# BALL IDEAL 1908??



## woodswalker (May 8, 2010)

Just picked this one up for $4 at the flea market...Says Ball Ideal Pat. July 14 1908....
   Hers a few pics...hope it was worth the 4 dollars I paid []


----------



## woodswalker (May 8, 2010)

This is the top...


----------



## woodswalker (May 8, 2010)

Shot from the side... 
  This jar is in great shape...no nicks...and has some pretty cool air bubbles in it to!!!


----------



## dygger60 (May 8, 2010)

Not to rain on you, but, that is a very commong BALL IDEAL jar.  .50 cents would be a good price for that jar...maybe a dollar.  

  The 1908 patent date is for the glass "ears" in which the bail wire secures.  Lots of time you see chipping in these ears...but if 
 your jar is not chipped, then yes a dollar would be a good price.

   The right to use the 1908 patent date was obtained by Ball Brothers then they purchased a glass company in Penn.  It was a
 worker that patented the now famous date.

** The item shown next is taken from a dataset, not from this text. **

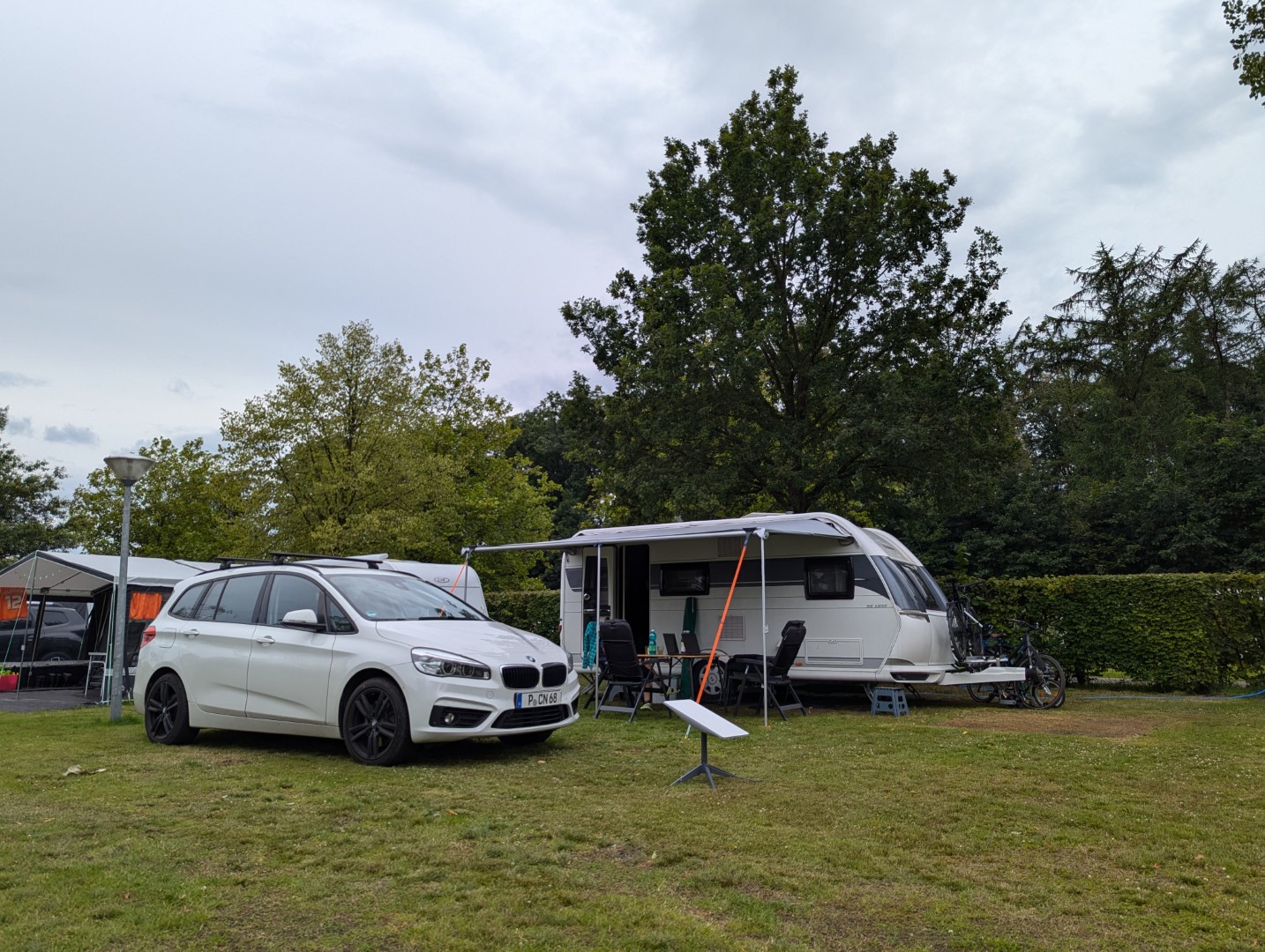 Da wir viel zu früh für den neuen Campingplatz ankamen, beschlossen wir, eine Pause auf einem Rasthof einzulegen. Eine Stunde lang erholten wir uns dort, bevor wir pünktlich um 12:55 Uhr unseren neuen Campingplatz erreichten.

    The quarts are very very common.

     David  aka  dygger60


----------



## woodswalker (May 8, 2010)

Oh well...I still like it anyway and I even tried talking them down from the $4[8D] but it didn't work.  Thanks for your help on it[]


----------



## dygger60 (May 9, 2010)

Not a problem at all...be more than happy to help when it comes to jars.  

   David  aka  dygger60


----------